A previous study suggested that anti-HBs titres significantly decreased after rituximab-based therapy in B-cell lymphoma patients.22 The authors reported that anti-HBs titres were more likely to decline (<10 mIU/ml) in patients with pretreatment anti-HBs titres of <100 mIU/ml.22 In their study, eight of 19 patients with pretreatment anti-HBs titres of <100 mIU/ml became negative for anti-HBs titres, and HBV reactivation developed in only one of these patients.22 In contrast, none of the 10 patients with pretreatment anti-HBs titres > 100 mIU/ml became negative for anti-HBs after rituximab-based therapy.22 The researchers concluded that a low pretreatment level of anti-HBs was an independent risk factor for the loss of anti-HBs and HBV reactivation in patients with resolved HBV infection receiving rituximab-based therapy.22
The impact of chemotherapy on anti-HBs titres was studied in 75 patients with resolved HBV infections who had haematological malignancies.23 The study reported that the anti-HBs titres significantly decreased after chemotherapy, especially in patients with acute leukaemia, male patients, and patients receiving intensive chemotherapy.23 The findings of a prospective study conducted on patients with resolved HBV infections undergoing rituximab-based therapy, suggested that the rate of HBV reactivation was significantly higher in anti-HBs negative patients when compared with anti-HBs positive patients.16 Another study reported that although there was an overall decrease in anti-HBs titres, none of the titres of the 43 patients with haematological malignancies who had resolved HBV infection became negative.24
Consistent with these reports, the present study found that the anti-HBs titres of all the patients were significantly decreased after the therapy compared with before the therapy (a median 57 versus 71 mIU/ml, respectively; P < 0.001). The seronegativity rate of the anti-HBs titres post-treatment was significantly higher in the patients with pretreatment titres of <100 mIU/ml than in those with pretreatment titres of ≥100 mIU/ml (P < 0.001). The subgroup analysis of the patients revealed that the increase in post-treatment anti-HBs seronegativity was greatest in the group with haematological malignancies. In contrast, it has been reported that HBV reactivation may occur in patients that are positive for anti-HBs.25,26 In a case report, a patient who had received R-CHOP presented with high titre levels that were positive for anti-HBs at the time of a fatal reactivation of HBV.25 Additionally, in a prospective study conducted on patients who had received immunosuppressive or cytotoxic therapy, one patient out of eight that had developed a reactivation of HBV was positive for anti-HBs at the time of the reactivation of the virus.26 According to both reports,25,26 these issues were associated with mutations in the HBsAg coding region (escape mutation).

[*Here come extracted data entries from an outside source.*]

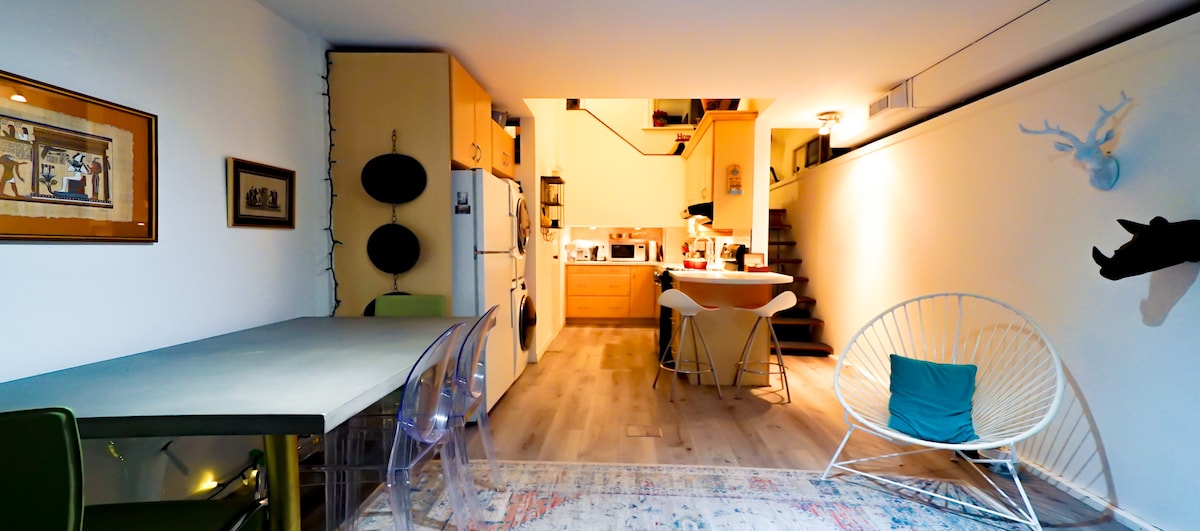 平均评分 4.9 分(满分 5 分),共 103 条评价1300平方英尺独特的艺术家阁楼。市中心的马车房
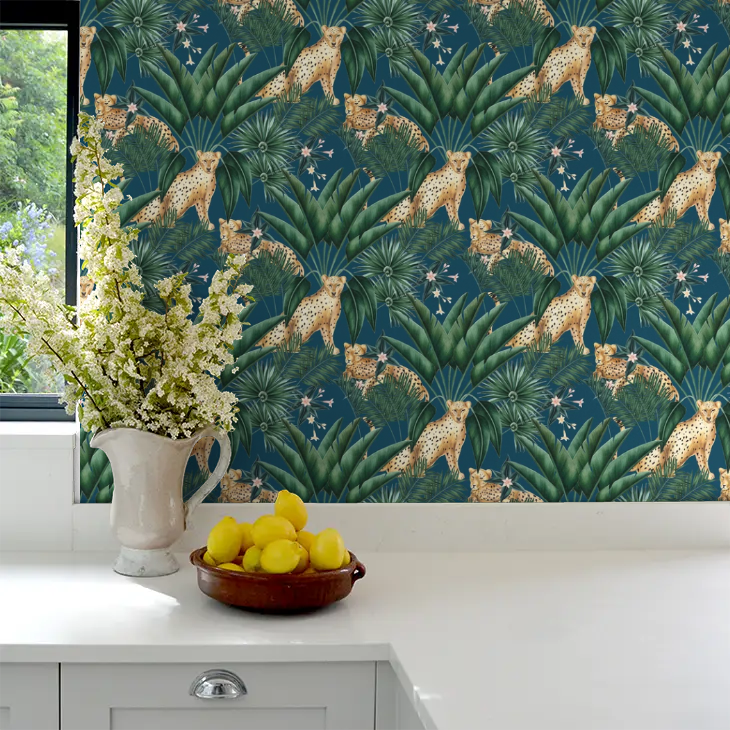 Lush jungle foliage provides shelter for this gorgeous cheetah to meander amongst the dense tropical leaves and flowers. Bold and exotic, this design reflects the strength and cunning of the fastest land animal.
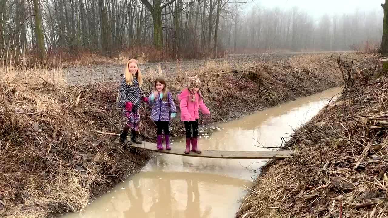 Three young girls bounce on a wooden plank over a creek and the plank breaks and they all fall into the water.
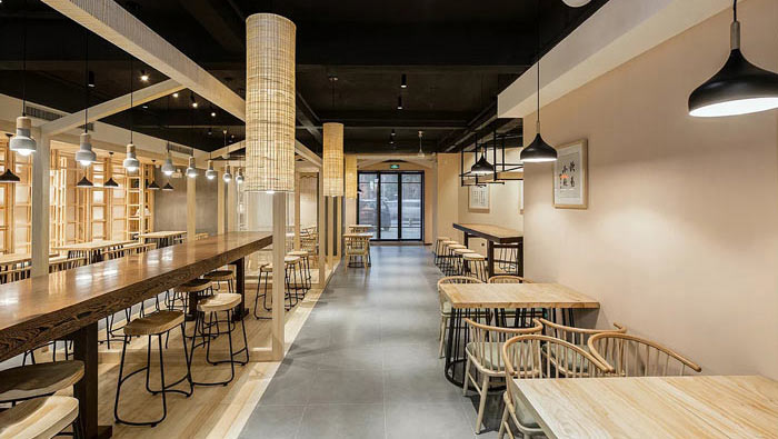 特色面館設(shè)計(jì):整個(gè)空間由原木裝飾構(gòu)造而成,原木材質(zhì)粗糙且質(zhì)樸,細(xì)膩且精致,整個(gè)空間自成一脈,表現(xiàn)了面館精益求精的匠人精神。
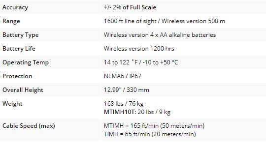 TIMH型號(hào)-電纜的最大線速度為65英尺/分鐘(20米/分鐘)
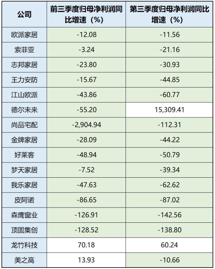 “萧条”到什么程度呢?许多企业三季度净利润出现了剧烈下滑。森鹰窗业下降142.56%,顶固集创下降138.8%,尚品宅配下降112.31%,皮阿诺下降87.02%,我乐家居下降62.62%,江山欧派下降60.77%,好莱客下降50.79%……
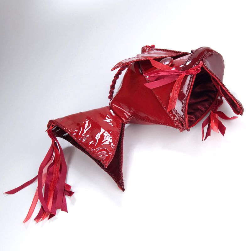 Sac à main en cuir vernis et cordellette, boutons en bois.
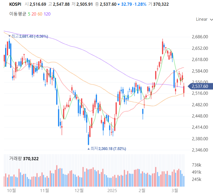 오늘 코스피 지수는 미 트럼프 관세이슈로 미증시가 폭락한 가운데 우리 증시도 장초반 크게
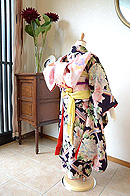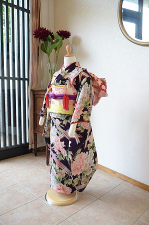 少し紫がかった黒地に、大輪の牡丹が垣根とともに染められた昭和初期に着物。
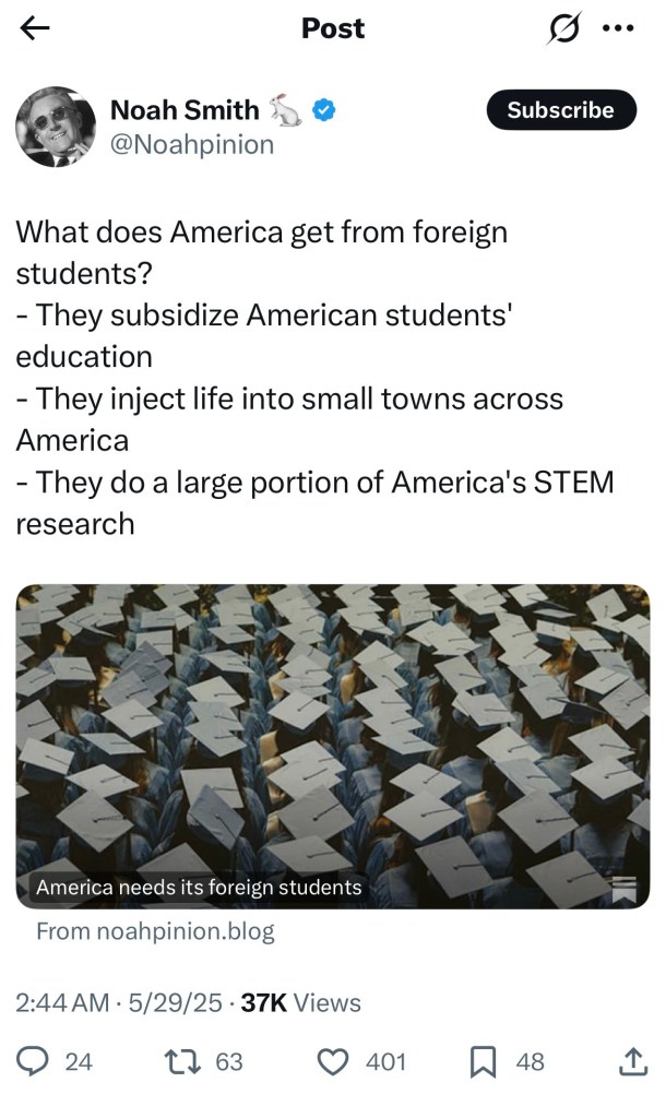 But when 9 out of 10 spots in a phd program are taken by foreign students from an adversarial point of origin across the seas, they are not subsidizing local students they are squeezing them out.
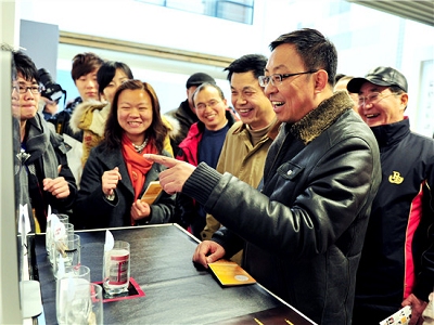 图为领导和老师对员工作品表现出浓厚兴趣
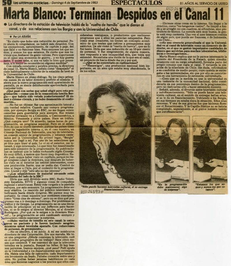 Marta Blanco, terminan despidos en el Canal 11: [entrevista] [artículo] : La Araña.
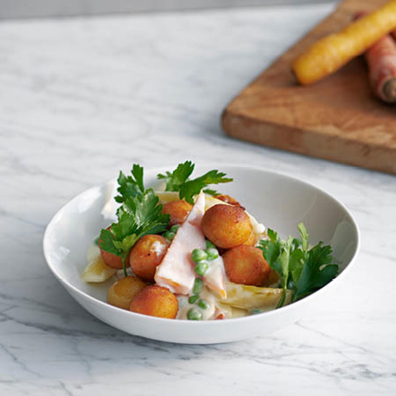 En ekologisk morotsboll där råvarorna har fått växa och gro på naturens egna förutsättningar, ett miljösmart val helt enkelt! Servera med en morotsveloute och nypotatis, toppad med bladpersilja – dina gäster kommer fråga efter mer, vi lovar!
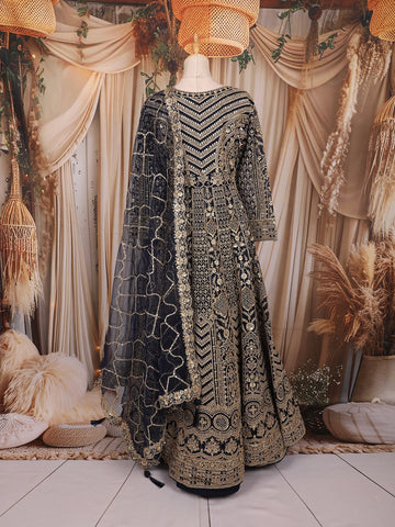The matching net dupatta with its embroidered border completes the ensemble with graceful finesse, offering the perfect balance of glamour and poise.

Various studies have reported that the risk of HBV reactivation is increased in HBsAg positive patients undergoing cytotoxic chemotherapy for solid tumours.5,27–29 Other studies have reported that the prophylactic use of antiviral agents prior to chemotherapy in these patients may reduce levels of reactivation-related morbidity and mortality.30–32 The clinical data regarding resolved HBV infection rates are insufficient. In a French study that included both haematological malignancies and solid tumours, HBV reactivation occurred in seven of 84 HBsAg negative and anti-HBc positive patients, none of whom had solid tumours.33 Consistent with the findings of that study, the present data demonstrated that the patients with solid tumours who were HBsAg negative, regardless of their anti-HBs and anti-HBc status, did not have a high risk of HBV reactivation.
In the present study, HBV reactivation occurred in three patients, and all three had haematological malignancies; chronic lymphocytic leukaemia, acute myeloblastic leukaemia-promyelocytic leukaemia, and multiple myeloma. HBV reactivation did not occur in any of the 22 patients that were administered rituximab-based therapy or in any of the 126 patients with solid tumours. Two patients had pretreatment anti-HBs of <100 mIU/ml, and one patient had a value ≥100 mIU/ml. Two of these three patients were anti-HBc positive after the chemotherapy treatment, and one patient who had been anti-HBc positive prior to chemotherapy was negative after the treatment. One of the patients who had been HBsAg negative before the treatment was still negative after the treatment, whereas the other two patients were positive after the treatment. Despite the prompt treatment of all three patients, one of them died while the other two patients recovered in terms of HBV reactivation. According to the literature, the risk of reactivation is greater in men.5,11,34 However, in the present study, two of the three patients with HBV reactivation were women.
In accordance with the current literature,11,22–24 this present study found that chemotherapy decreased anti-HBs titres, particularly in those patients with haematological malignancies and those that had received rituximab-based chemotherapy. The present study investigated the post-chemotherapy changes in anti-HBs titres not only in patients that had recovered from a previous HBV infection but also in those that had acquired anti-HBs seropositivity through vaccination. The present data show that chemotherapy results in a decrease in anti-HBs titres but that it increases the risk of reactivation in patients with haematological malignancies, especially those with pretreatment anti-HBs of <100 mIU/ml. Furthermore, the chemotherapy-induced decline in anti-HBs titres was more significant in the patients with resolved hepatitis B infections (i.e. anti-HBc positive patients) compared with that of the vaccinated patients (i.e. anti-HBc negative patients). These findings might be explained by possible pathophysiological differences between vaccination-induced versus HBV infection-related immunity.
This present study had a number of strengths and limitations. It included a large number of patients, demonstrated the effects of chemotherapy on anti-HBs titres in solid and haematological malignancies, and evaluated the changes in antibody positivity due to HBV vaccination and resolved HBV infection. However, the limitations included the retrospective nature of the study, the absence of HBV DNA data in some instances, and the heterogeneity of the chemotherapy regimens used to treat the malignancies.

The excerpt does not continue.